• **TO DO**: Starting at the first line of the material below, retype each line exactly until you reach the line with "為深入學(xué)習(xí)", which is also included; pictures stay out.

▽

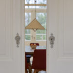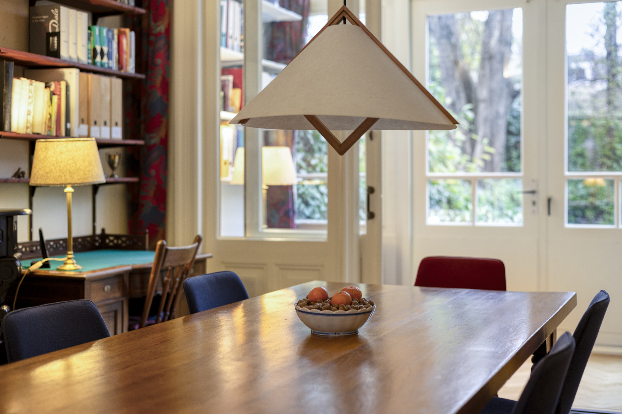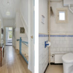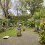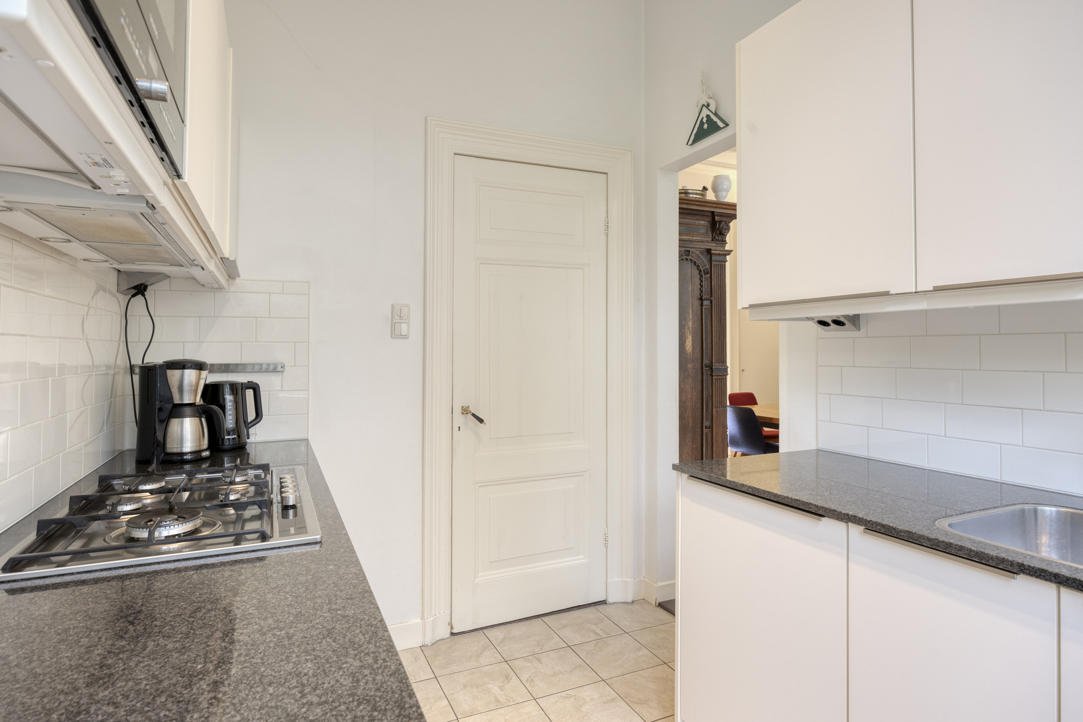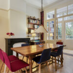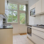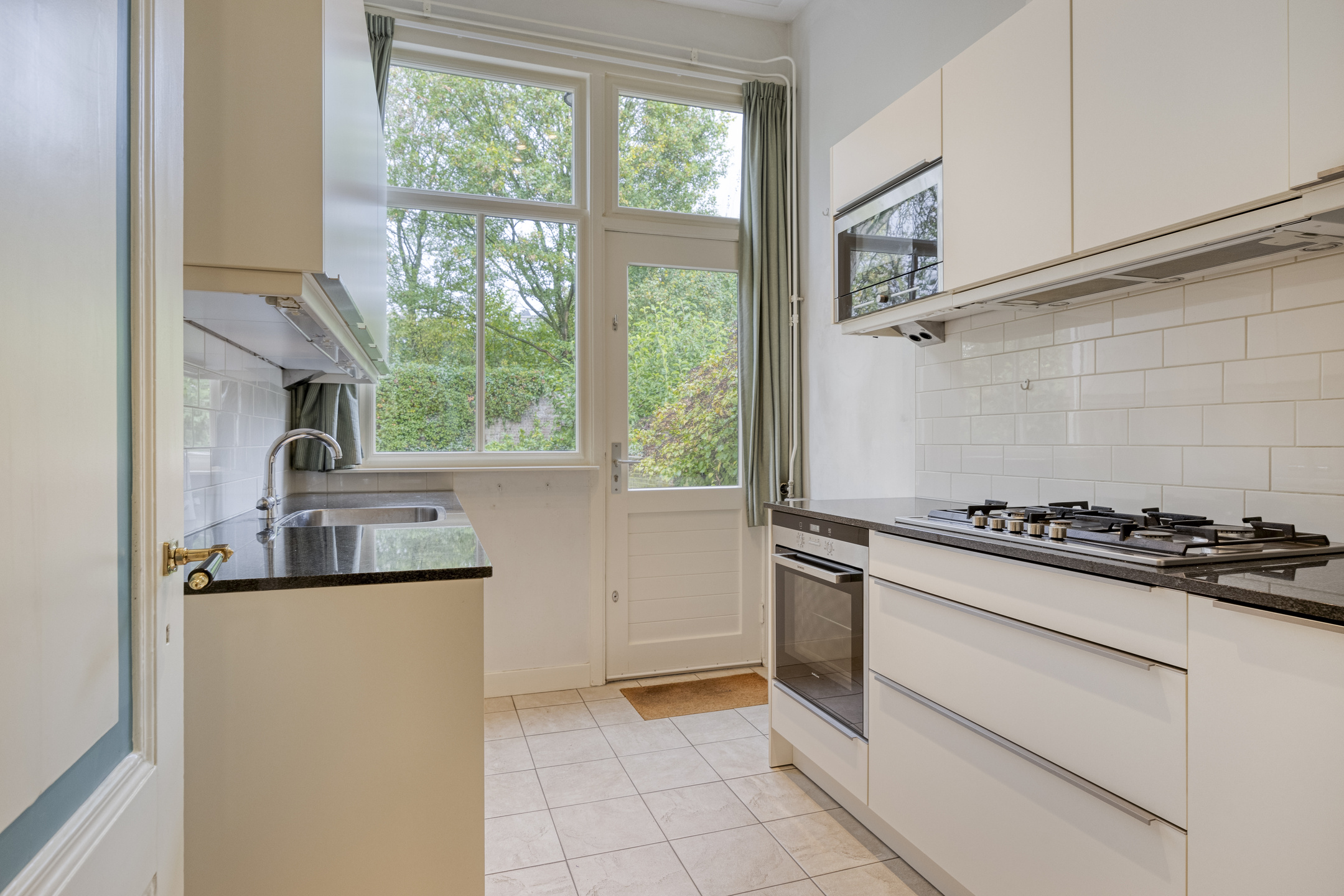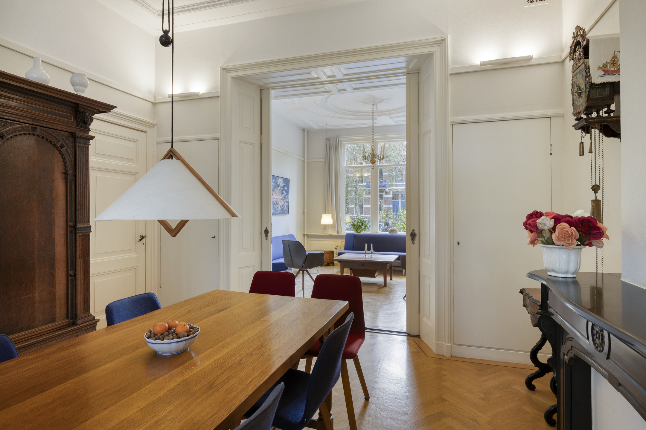 Prachtige hal met ornamentenplafond, origineel fonteintje en fraaie trapopgang. Kamer en suite met vier vaste kasten, schuifdeuren en twee zwart marmeren schouwen. Aansluitend een lichte serre met openslaande deuren naar de ommuurde binnentuin, die direct grenst aan de gezamenlijke ecologische watertuin – een groene, rustige oase zonder directe achterburen. Voor- en achtertuin zijn aangelegd volgens een stijlvast ontwerp van tuinarchitect Miek Versteegh. De keuken is praktisch ingericht en grenst aan de eetkamer.
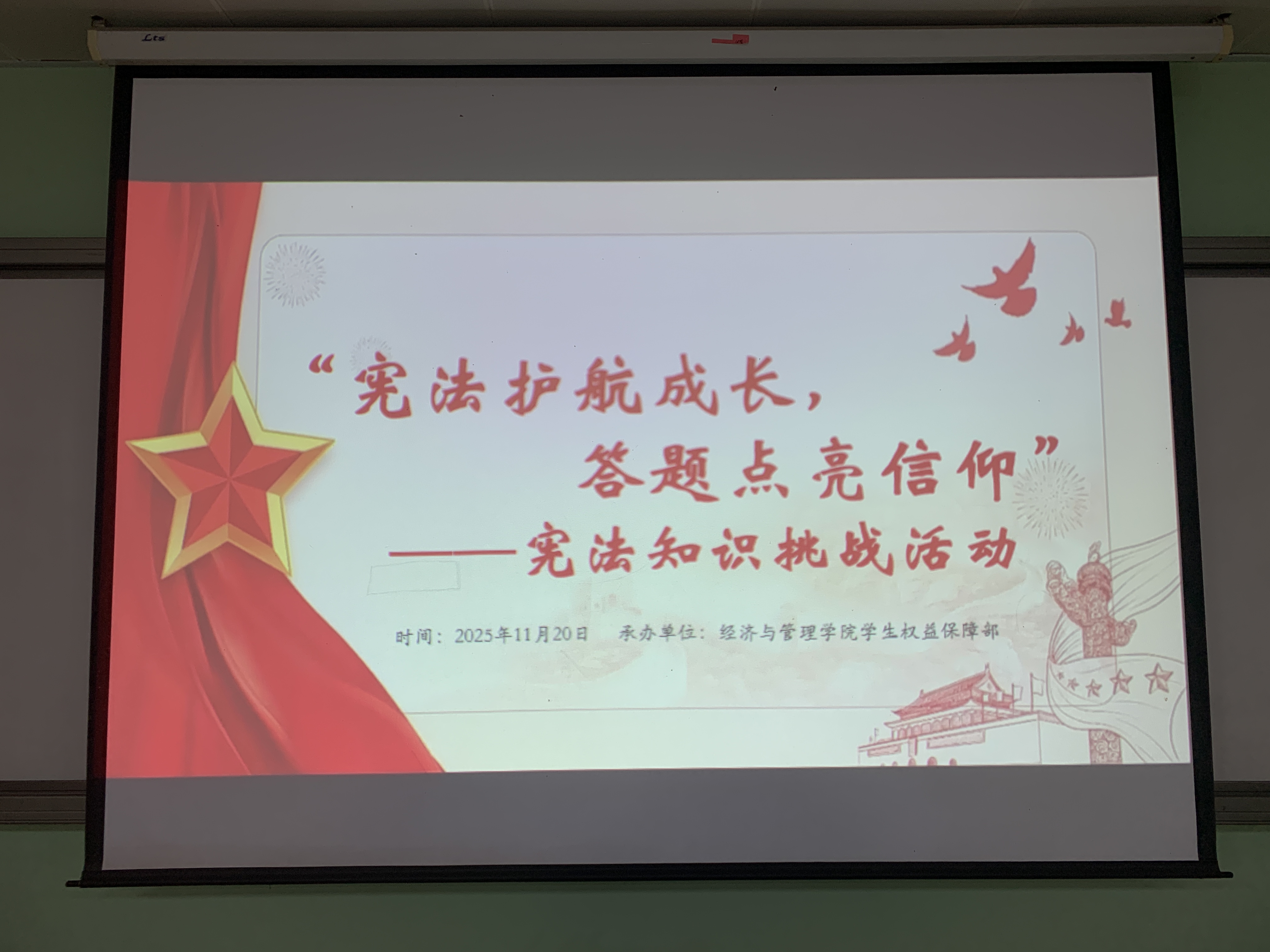 為深入學(xué)習(xí)貫徹習(xí)近平法治思想,弘揚(yáng)憲法精神,增強(qiáng)青年的憲法意識(shí)、法治觀念與素養(yǎng),引導(dǎo)其自覺(jué)尊法學(xué)法守法用法,讓法治力量護(hù)航青春成長(zhǎng),我院將于2025年12月4日16:00—17:00,在南區(qū)經(jīng)管樓407舉辦“憲法護(hù)航成長(zhǎng),答題點(diǎn)亮信仰”憲法知識(shí)挑戰(zhàn)活動(dòng)。
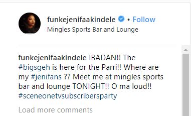 “IBADAN!! The #bigsgeh is here for the Parri!! Where are my #jenifans ?? Meet me at mingles sports bar and lounge TONIGHT!! O ma loud!! #sceneonetvsubscribersparty”
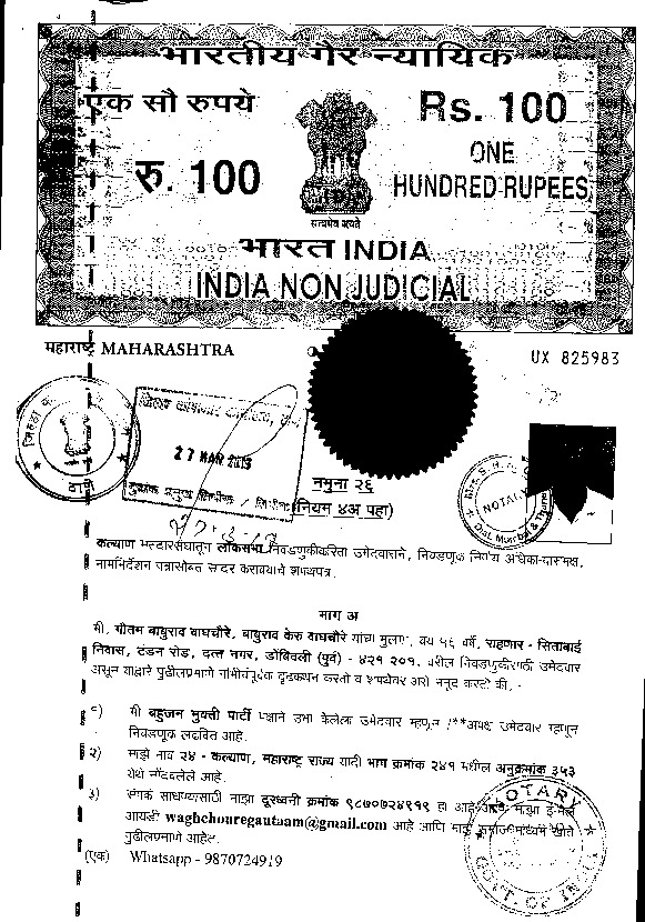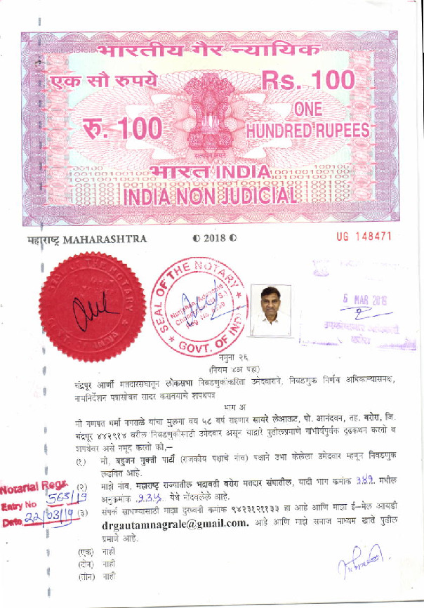 | மகாராட்டிரம் | Chandrapur | Thursday, 11 April 2019 | Gautam Ganpat Nagrale(Affadavit) | Balubhau Alias Suresh Narayan Dhanorkar |
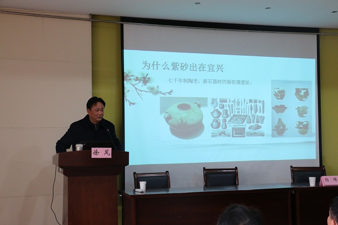 多了一份联系、一份期待一份特殊的情感。接下来,徐风先生作题为“文心与壶韵——漫谈江南文化中的紫砂传奇”的文化讲座。徐教授从紫砂的悠久历史讲到壶与茶的相依相生关系,再到紫砂里的文化底蕴,步步深入、引人入胜。他指出,紫砂壶的气韵能传达出制壶者独一无二的心胸灵魂,是一种文化的共鸣,它作为传统文化精髓传承的一个重要媒介,融陶文化、茶文化、诗文、书画等于一身。此外,徐教授还介绍了供春、陈明远、陈鸿寿、邵大亨、顾景舟等文人,带大家一起见证了紫砂的传奇。
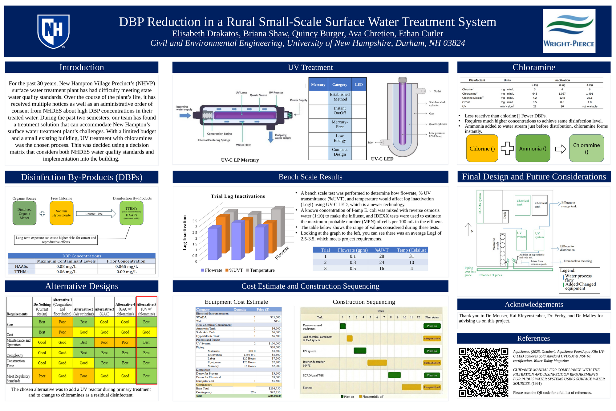 The New Hampton Village Precinct (NHVP) operates a small surface water treatment plant in New Hampton, New Hampshire. The precinct has reached out to Wright-Pierce and our team to find an alternate treatment process that will mitigate the formations of disinfection by-products (DBPs) in their drinking water. With budget and space constraints taken into consideration, the team decided to move forward with UV-LED treatment with chloramine disinfection as the chosen alternative for the treatment plant after choosing between five different alternatives. This choice is compact and cost-effective, while also meeting the water quality standards set by the U.S. Environmental Protection Agency (EPA) and enforced by New Hampshire Department of Environmental Services (NHDES). After selecting UV treatment, the team conducted bench testing to determine if UV-LED could be implemented instead of a traditional UV mercury lamp system. This included testing a UV-LED system for how many inactivation credits it can achieve as well as creating standard curves to better control the transmittance of the test water. After UV-LED was found to be a viable option, a construction sequencing outline was made which included when the plant can be left on and off for adjustments to the order in which our adjustments must be added and an estimate of the construction timeline. A cost estimate was also calculated including equipment and installation costs.
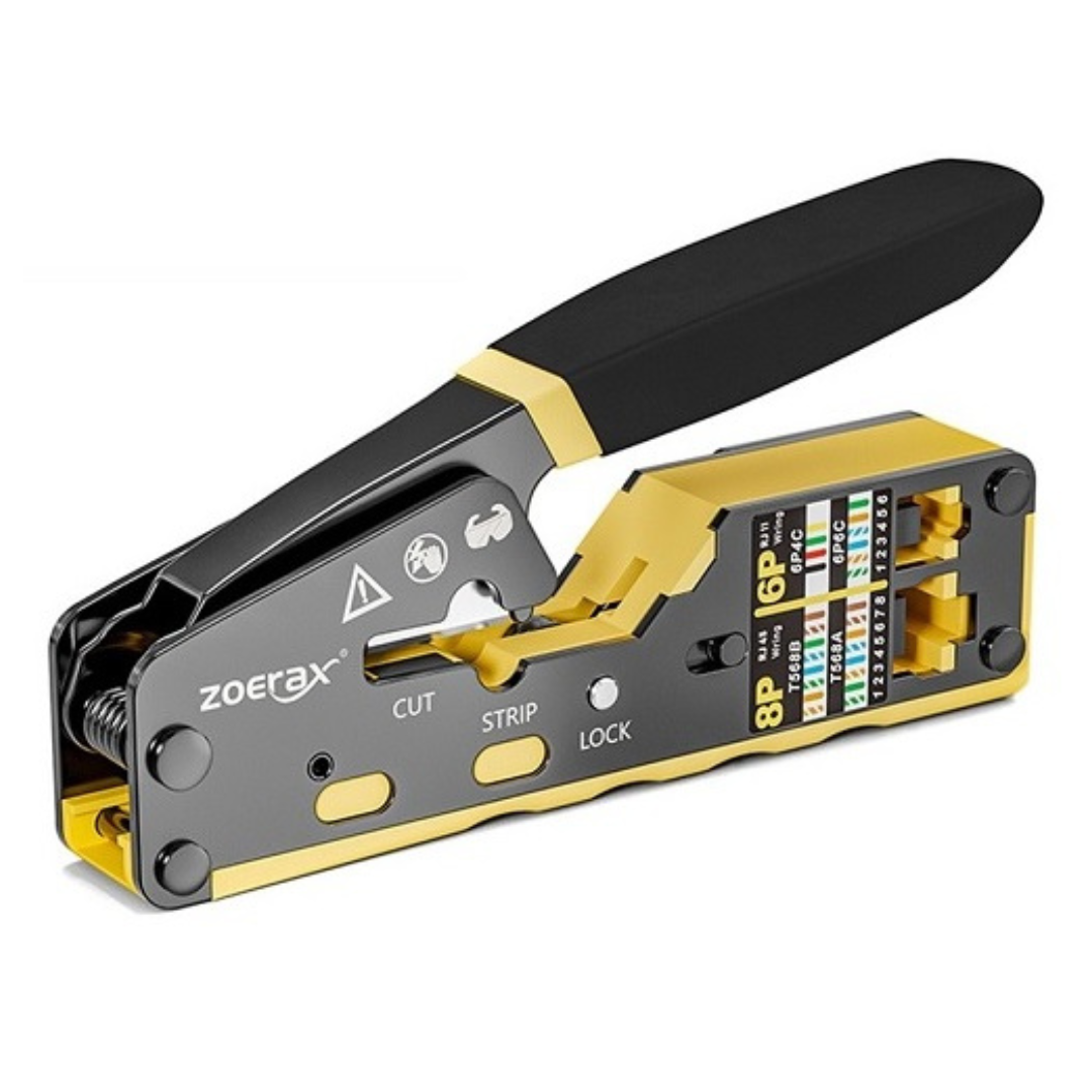 Krimpošanas instruments, kas paredzēts CAT5, CAT5E, CAT6 un CAT6A savienotājiem (8P8C, 6P6C, 6P4C), ideāli piemērots tīkla kabeļu krimpošanai un griešanai.

△

• **YOUR RESPONSE**:
 Prachtige hal met ornamentenplafond, origineel fonteintje en fraaie trapopgang. Kamer en suite met vier vaste kasten, schuifdeuren en twee zwart marmeren schouwen. Aansluitend een lichte serre met openslaande deuren naar de ommuurde binnentuin, die direct grenst aan de gezamenlijke ecologische watertuin – een groene, rustige oase zonder directe achterburen. Voor- en achtertuin zijn aangelegd volgens een stijlvast ontwerp van tuinarchitect Miek Versteegh. De keuken is praktisch ingericht en grenst aan de eetkamer.
 為深入學(xué)習(xí)貫徹習(xí)近平法治思想,弘揚(yáng)憲法精神,增強(qiáng)青年的憲法意識(shí)、法治觀念與素養(yǎng),引導(dǎo)其自覺(jué)尊法學(xué)法守法用法,讓法治力量護(hù)航青春成長(zhǎng),我院將于2025年12月4日16:00—17:00,在南區(qū)經(jīng)管樓407舉辦“憲法護(hù)航成長(zhǎng),答題點(diǎn)亮信仰”憲法知識(shí)挑戰(zhàn)活動(dòng)。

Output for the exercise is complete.